→ ABOUT THIS TASK
Pictures in the listing below are skipped, while the lines from the "This paper explores" line through the "Get support from" line are returned word for word.

→ DATASET
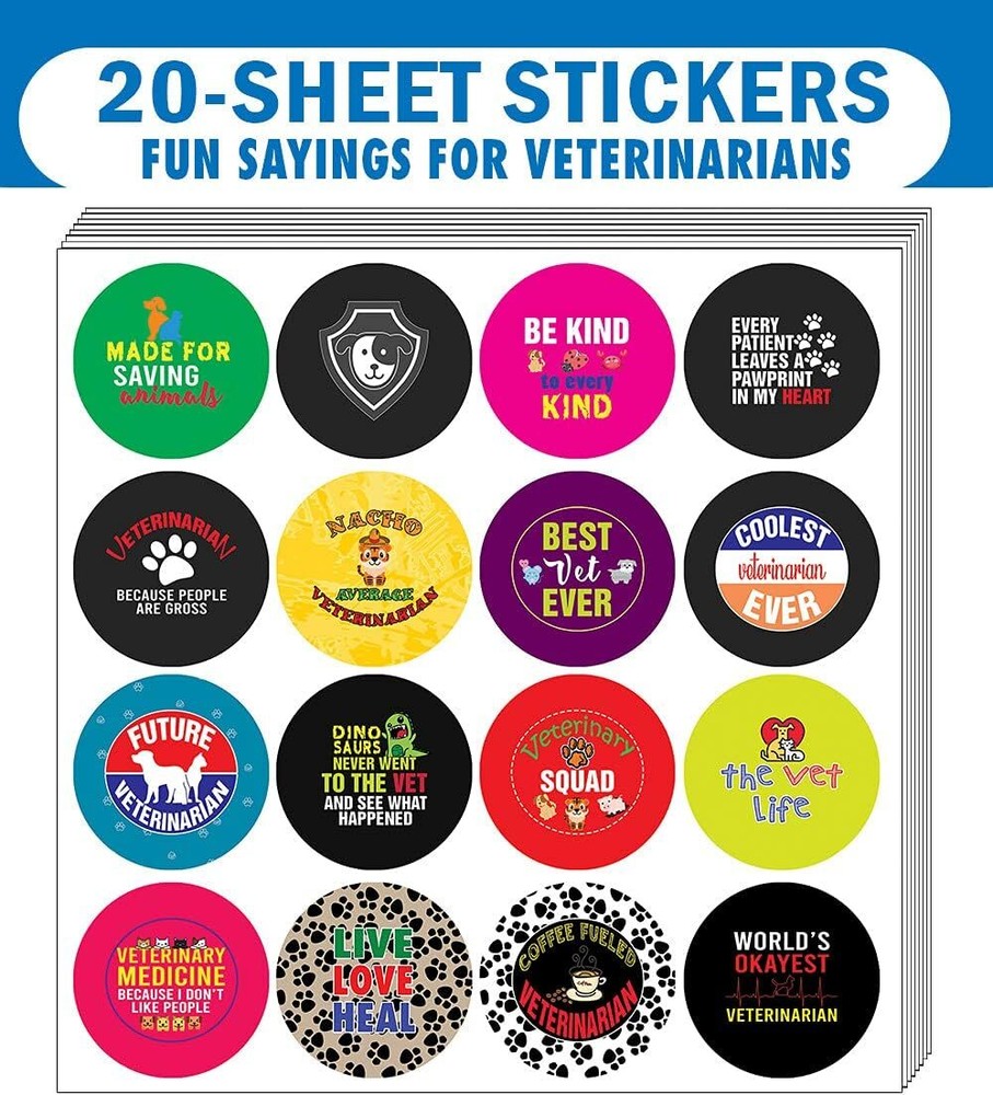 16 UNIQUE DESIGNS INSPIRING STICKERS FOR YOUR DIY PERSONALIZED DECORATIONS - I am a Veterinarian Stickers (20-Sheets x 16 Designs). These colorful and uniquely inspiring round shaped stickers are the best tool for DIY decoration and personalization of your belongings. GREAT STOCKING STUFFERS, TEACHING SUPPLEMENTARY MATERIALS, AND GIVEAWAY - Great stocking stuffers gifts for Vets, Dog Doctors, Professionals Men & Women. A perfect design to give during guidance sessions, classroom activities, school giveaways, birthdays, anniversaries, family day, and any other special occasions. MADE WITH DURABLE AND WATERPROOF MATERIALS - There is a lamination or coating to make the stickers high water resistant, and WILL NOT fade from the water. The stickers can stick it anywhere you like, and it sticks there and lasts a long time. A COLORFUL AND DECOR STICKER DECAL - Each sheet with 16 individual round stickers. There are 20 Sheets, with a total of 320 pieces of stickers. STICKER SIZE: 1.5 INCHES IN DIAMETER I am a Veterinarian Stickers (20 Sets X 16 Designs) COLORFUL AND COLLECTION OF TEXT STICKERS • Well designed. • Very encouraging. • Self-adhesive. I am a Veterinarian Stickers (20 Sets X 16 Designs) are super fun to collect; you can't have just one! That's why you will find a selection of stickers right here. Each package comes with different stickers in a variety of designs. Stick them here, stick them there, stick them everywhere! Everyone will love these self-adhesive stickers. These colorful stickers are perfect for any adults and these come with very inspiring messages and bright pictures. A fun, inexpensive way to add a decorative, notes, and stationery. Delight yourself with uplifting messages designs that are very encouraging. I am a Veterinarian Stickers (20 Sets X 16 Designs) perfect for giveaways, behavior incentives, prizes! These stickers are acid-free, nontoxic, and safe for use on photos. This product comes with a 60 days money back guarantee. You can return them to us for a full refund.
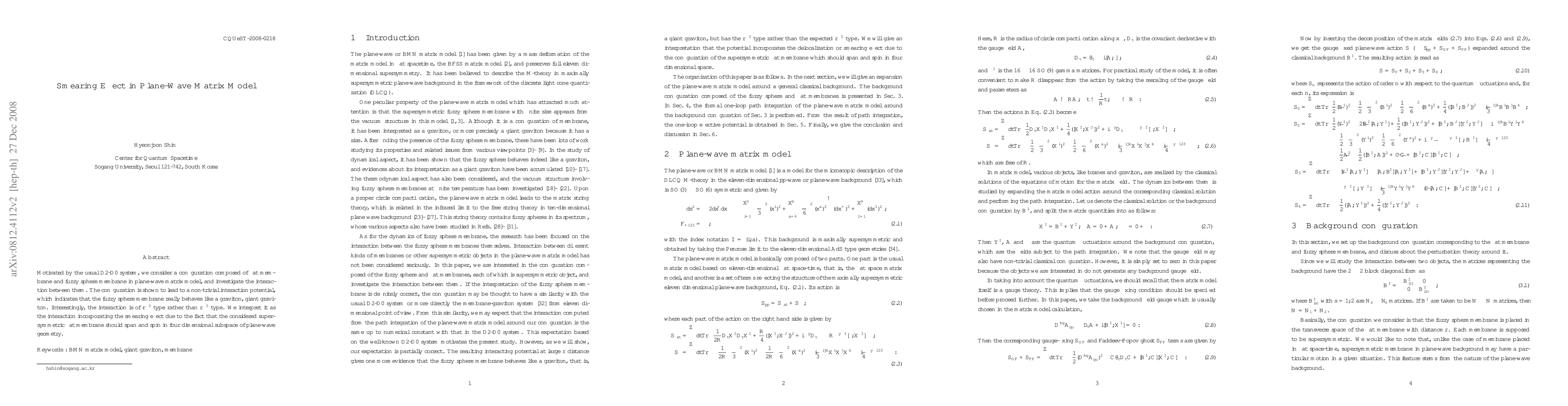 This paper explores the interaction between a flat membrane and a fuzzy sphere membrane in a plane-wave matrix model, revealing a non-trivial r^{-3} interaction potential indicative of a graviton-like behavior. The authors attribute the smearing effect to the four-dimensional span and spin of the flat membrane.
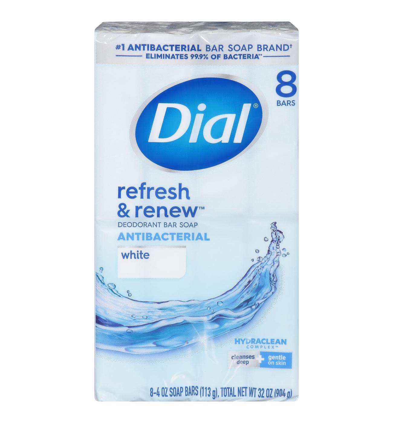 Dial Antibacterial Refresh & Renew Bar Soap - White
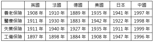 表1 英美法及中國社會保障制度的主要內涵與建置時間
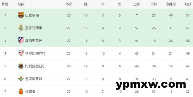 在积分榜上,巴萨以57分依然排名榜首。皇马赢球之后,追上来了,也是57分,以净胜球的劣势排名第2。马竞输球,依然是56分,排名第3。毕尔巴鄂竞技49分排名第4。比利亚雷亚尔44分,排名第5。第6名的是皇家贝蒂斯,拿到41分。
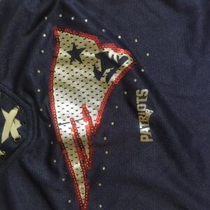 New England Patriots jersey in size medium. Navy and white with red sequins and laces at the neckline.
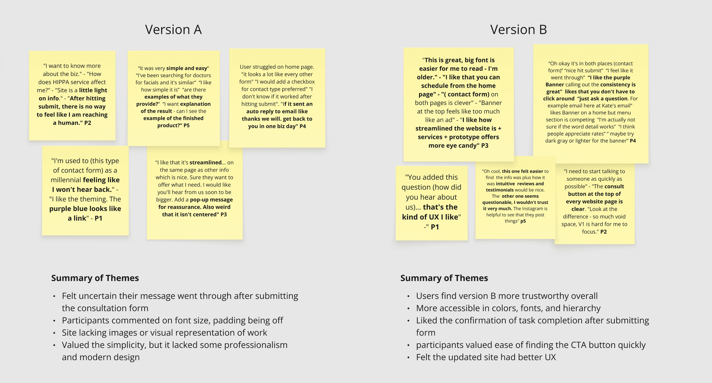 A/B testing showed that users felt more confident in Version B, describing it as more trustworthy, established, and credible.
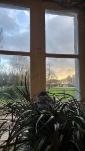 L’esplanade n’est pas qu’une pâture pour les brebis. Nous les rentrons dans leur enclos pour laisser la place aux chiens que nous faisons jouer et courir.
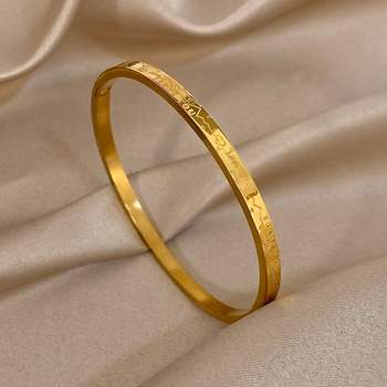 Stainless Steel Gold Plated Smooth Cuff Bangle Bracelets for Women Men Buddhist Rush Temple Wrist Bracelet Waterproof Jewelry
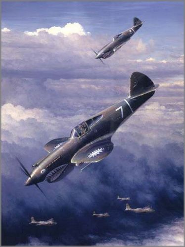 This scene depicts Bob Neale and his wingman W. E. Bartling during a diving attack on the Ki-21’s. Bob Neale accounted for one of the victories during this action and went on to become the AVG’s top scoring ace. – WP
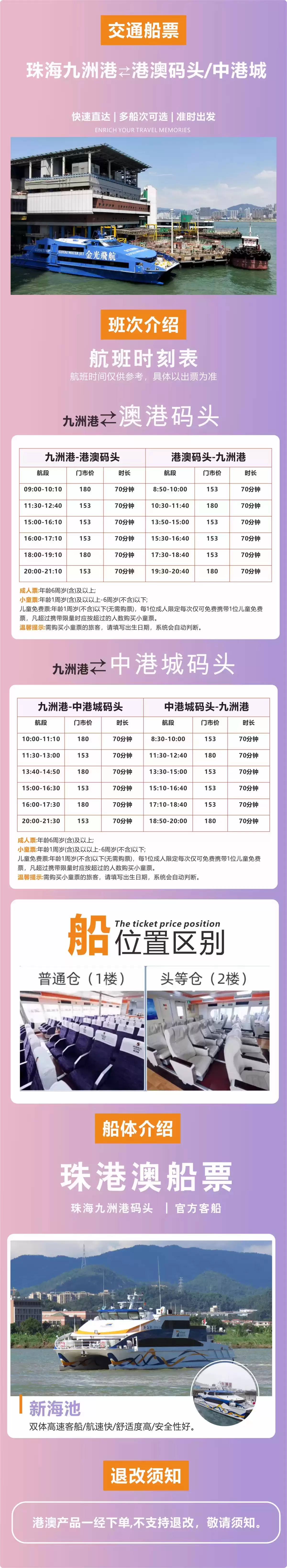 【珠海九洲港-香港尖沙咀/中港城码头】珠海九洲港-香港尖沙咀/中港城码头 单程/往返 船票
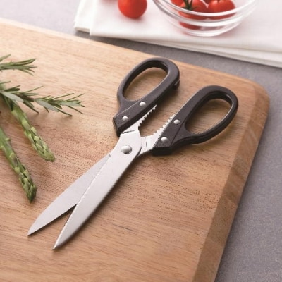 硬いカニの足なども簡単に切れる、ギザ刃付きのキッチンバサミです。
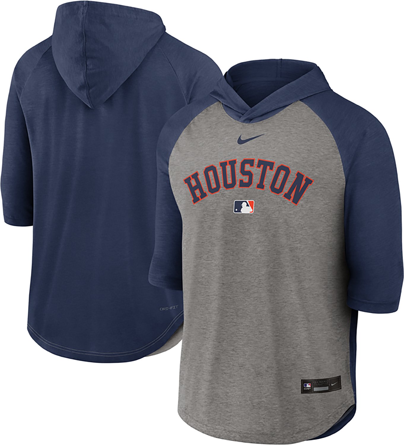 Get support from fellow fans when you put on the Nike Men's Houston Astros 3/4 Sleeve Flux Hoodie Shirt to watch the next Astros game. The shirt features 3/4-length sleeves and a hood to provide a unique twist on a traditional style, and the chest boasts a team graphic that will hit home with true fans.
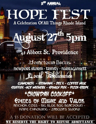 HOPEFEST, it is a celebration of all-things Rhode Island, from food to people to BEER! They will be serving ONLY RI food and drink, with some local-inspired events sure to make some memories. This event is a $5 voluntary donation, and at no point during the night is anyone ever charged for anything. Needless to say, it is well worth it for probably one of the funnest things going on in the summer, with friends and neighbors from far and wide returning to embrace their RI roots.

→ EXERCISE RESPONSE
 This paper explores the interaction between a flat membrane and a fuzzy sphere membrane in a plane-wave matrix model, revealing a non-trivial r^{-3} interaction potential indicative of a graviton-like behavior. The authors attribute the smearing effect to the four-dimensional span and spin of the flat membrane.
 Dial Antibacterial Refresh & Renew Bar Soap - White
 表1 英美法及中國社會保障制度的主要內涵與建置時間
 在积分榜上,巴萨以57分依然排名榜首。皇马赢球之后,追上来了,也是57分,以净胜球的劣势排名第2。马竞输球,依然是56分,排名第3。毕尔巴鄂竞技49分排名第4。比利亚雷亚尔44分,排名第5。第6名的是皇家贝蒂斯,拿到41分。
 New England Patriots jersey in size medium. Navy and white with red sequins and laces at the neckline.
 A/B testing showed that users felt more confident in Version B, describing it as more trustworthy, established, and credible.
 L’esplanade n’est pas qu’une pâture pour les brebis. Nous les rentrons dans leur enclos pour laisser la place aux chiens que nous faisons jouer et courir.
 Stainless Steel Gold Plated Smooth Cuff Bangle Bracelets for Women Men Buddhist Rush Temple Wrist Bracelet Waterproof Jewelry
 This scene depicts Bob Neale and his wingman W. E. Bartling during a diving attack on the Ki-21’s. Bob Neale accounted for one of the victories during this action and went on to become the AVG’s top scoring ace. – WP
 【珠海九洲港-香港尖沙咀/中港城码头】珠海九洲港-香港尖沙咀/中港城码头 单程/往返 船票
 硬いカニの足なども簡単に切れる、ギザ刃付きのキッチンバサミです。
 Get support from fellow fans when you put on the Nike Men's Houston Astros 3/4 Sleeve Flux Hoodie Shirt to watch the next Astros game. The shirt features 3/4-length sleeves and a hood to provide a unique twist on a traditional style, and the chest boasts a team graphic that will hit home with true fans.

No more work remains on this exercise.